Third Point – Review and Outlook
Volatility across asset classes and a reversal of certain trends that started last summer caught many investors flat-footed in Q1 2016. The market’s sell-off began with the Chinese government’s decision to devalue the Renminbi on August 11, 2015 and ended with the RMB’s bottom on February 15, 2016, as shown in the chart below:
By early this year, the consensus view that China was on the brink and investors should “brace for impact” was set in stone. In February, many market participants believed China faced a “Trilemma” which left the government with no choice but to devalue the currency if it wished to maintain economic growth and take necessary writedowns on some $25 trillion of SOE (State Owned Enterprise) debt. Based largely on this view, investors (including Third Point) crowded into short trades in the RMB, materials, and companies that were economically sensitive or exposed to Chinese growth.

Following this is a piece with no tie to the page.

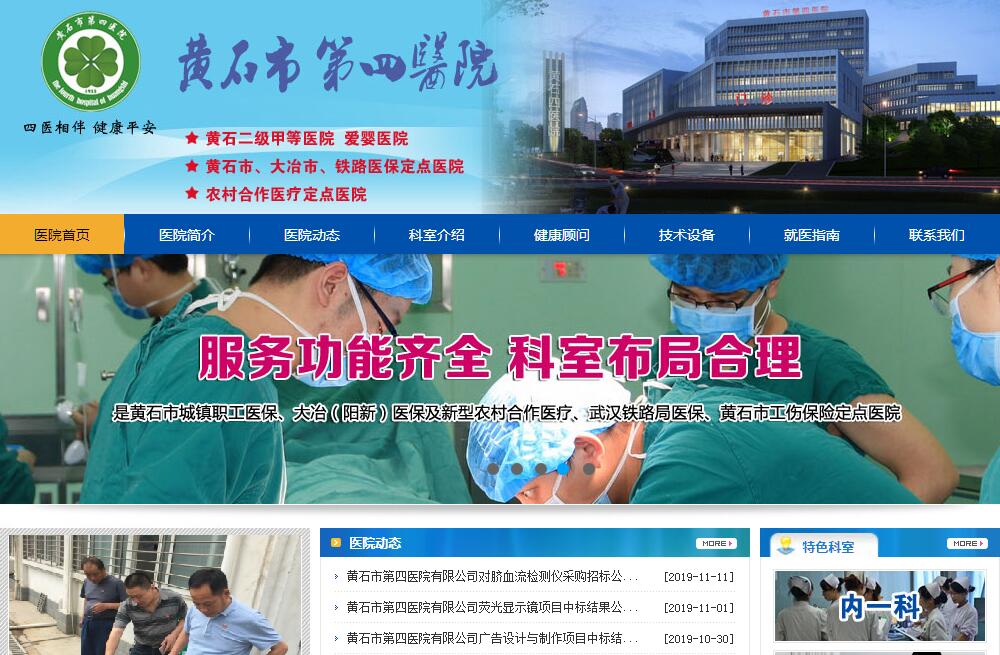 黄石市第四医院始建于1955年,经过60多年的建设与发展,已成为集医疗、急救、科研、教学、预防、康复、保健为一体,医疗技术力量雄厚的二级甲等综合医院,是铁山地区唯一的二级甲等优秀医院,医疗服务辐射到鄂东南及周边数十个乡镇,是黄石市城镇职工医保、大冶(阳新)医保及新型农村合作医疗、武汉铁路局医保定点医院。连续多年获得“湖北省文明单位”称号、市物价信得过单位、群众满意医疗单位、市十星级文明医院等,是国际紧急救援网络医院、国家爱婴医院。医院环境优美,占地面积43亩,开放床位400张,年门诊量15万余人次,年出院1.5万余人次。医院现有在职职工412人。其中,高级技术职称67人,医学硕士研究生12人,黄石市级“五一”劳模1人,特聘省市级名医4人。医院拥有美国通用16排螺旋CT、荷兰飞利浦彩超、美国史赛克腹腔镜、美国林弗泰克关节镜、美国强生超声刀、电子胃镜、输尿管镜、膀胱镜、碎石机、电子阴道镜、500maX光机、数字化胃肠机、骨科专用C臂X光机、进口全自动生化分析仪、高压氧舱等先进医疗设备和服务设施。医院临床学科齐全,创伤、妇产、新生儿和康复专科特色突出。设有内、外、妇、儿、五官、皮肤、康复、急诊120、重症ICU、血液净化、高压氧等36个临床医技科室,拥有创伤外科市级临床重点专科和普外科、神经内科、内分泌科、呼吸内科、妇产科、儿科、皮肤科及康复科等多个院级重点临床专科。医院高度重视业务创新发展,尤其近些年,依靠科技进步提升综合实力,大力加强学科建设和人才培养,新技术、新项目脱颖而出,开展了胆囊和妇科腹腔镜手术、妇科宫腔镜手术、骨科关节镜手术、髋关节置换术、膝关节置换术、翼状锁骨前置钢板治疗锁骨骨折、微创经皮空心钉内固定治疗腕舟骨骨折、老年性股骨近端骨折PFNA手术、一期复合植骨人工皮负压引流治疗创伤性骨髓炎、腰椎间盘突出症液体冲击疗法及微创手术、颅内血肿微创清除术、一次性开颅血肿清除术加骨瓣还纳内固定术等数十项新技术,有多项科技成果达国际先进、国内领先水平。2016年医院加入鄂东医养集团,2017年成功托管鹿獐山社区卫生服务中心。在集团的大力支持下,医院加速基础设施建设,调整学科结构,构建技术平台,优化门诊流程,升级改造住院大楼,改善医院环境,完善配套设施,新开设了重症医学科和新生儿科。医院大力支持鹿獐山社区卫生服务中心发展,并荣获“全国百强社区卫生服务中心”称号。以打造黄石城西区域医疗中心、鄂东南养老中心为目标的市四医院,将以“病人至上、严谨求精、仁德俱全、创新图强”的精神,努力为广大人民群众提供更好更满意的服务,促进医院跨越式发展。

Making matters worse, many hedge funds remained long “FANG” stocks (Facebook, Amazon, Netflix, and Google), which had been some of 2015’s best performing securities. Further exacerbating the carnage was a huge asset rotation into market neutral strategies in late Q4. Unfortunately, many managers lost sight of the fact that low net does not mean low risk and so, when positioning reversed, market neutral became a hedge fund killing field. Finally, the Valeant debacle in mid-March decimated some hedge fund portfolios and the termination of the Pfizer-Allergan deal in early April dealt a further blow to many other investors. The result of all of this was one of the most catastrophic periods of hedge fund performance that we can remember since the inception of this fund
When markets bottom, they don’t ring a bell but they sometimes blow a dog whistle. In mid-February, we started to believe that the Chinese government was unwilling to devalue the RMB and was instead signaling that additional fiscal stimulus was on deck (an option that the bears had ruled out). Nearly simultaneously, the dollar peaked and our analysis also led us to believe that oil had reached a bottom. We preserved capital by quickly moving to cover our trades that were linked to Chinese weakness/USD dominance in areas like commodities, cyclicals, and industrials. We flipped our corporate credit book from net short to net long by covering shorts and aggressively adding to our energy credit positions. However, we failed to get long fast enough in cyclical equities and, while we avoided losses from shorts, we largely missed the rally on the upside. Unfortunately, our concentration in long health care equities and weakness in the structured credit portfolio caused our modest losses in Q1.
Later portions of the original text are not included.